En un principio debió existir un proyecto iconográfico completo para las tres portadas, siempre a imitación de las fábricas francesas, muy anteriores a la leonesa. El problema económico constante y que, como vemos, aún se mantiene, debió ser la principal causa del caos en la ubicación de las tallas. Tan solo en la portada Juicio Final parece ser que pudo cumplirse el 90 % del conjunto escultórico previsto, destinado a la representación de los Apóstoles. Faltan las Apostoles 2 bisimágenes de dos de ellos, aunque se incluye a San Pablo.

El resto de los encargos para las otras dos portadas, debió de sufrir múltiples avatares a través del tiempo, dando lugar a cambios importantes en los artistas, a demoras considerables entre encargo y creación, a una ubicación inadecuada respecto del plan inicial pero, sobre todo, a la no culminación del proyecto originario dejándose de realizar varias figuras programadas, y dando lugar a espacios que se colmataron con obras tardías o a inconvenientes cambios de lugar, con objeto de tratar de salvar parcialmente la estética de las portadas. 

Como ejemplo, destacar la “deforme” alegoría de la Justicia que se encontraba situada en la portada de San Juan. Su desproporcionado tamaño se explica, según Waldo Merino, porque posiblemente formaba parte de un conjunto para ser contemplado en altura que se encontraba sobre el Abditorio, lugar de reunión del tribunal eclesiástico, que se encontraba en las dependencias existentes en el lado sur de la fábrica y que enlazaban con el Palacio Episcopal. Era la estructura conocida como Puerta Obispo, demolida en 1910.

Una vez apeadas las 23 tallas de su emplazamiento, tres de ellas, entre las que se encuentra la Sibila Eritrea (Ver en www.fonsado.com), se ubicaron bajo la torre Norte, en la Capilla de San Juan de Regla. El resto se instalaron en el claustro catedralicio, donde aún siguen.

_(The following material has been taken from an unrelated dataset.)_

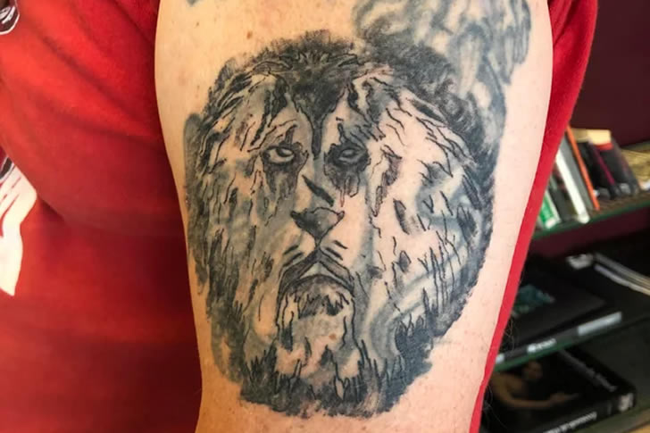 A lion tattoo should symbolize strength, courage, and majesty. Unfortunately, this one looks like a wet poodle caught in a thunderstorm. The mane is patchy and messy, and the eyes have a confused, sad expression rather than a fierce glare. Instead of a proud king of the jungle, it’s a confused canine.

Esta situación no presenta una solución a corto plazo. El Ayuntamiento ha ofrecido recientemente la colaboración de los artesanos de la Escuela Taller, para la realización de las réplicas de las tallas. Sin embargo, parece ser que la localización y coste de la piedra adecuada, resulta, de momento, un verdadero problema. En el caso de que se solucionase el problema en lo que queda de este año, el responsable del Cabildo estima un plazo de ejecución de tres meses por copia, es decir, en el mejor de los supuestos, la portada occidental de la Catedral de León no volverá a tener el conjunto total de sus tallas hasta dentro de seis años.

866603_1

Como hemos señalado, fue el proyecto iconográfico del apostolado el que quedó mejor resuelto. Las figuras de los Apóstoles ocupaban las jambas de la portada central y parte del espacio entre las puertas: siete a la izquierda y cuatro a la derecha. 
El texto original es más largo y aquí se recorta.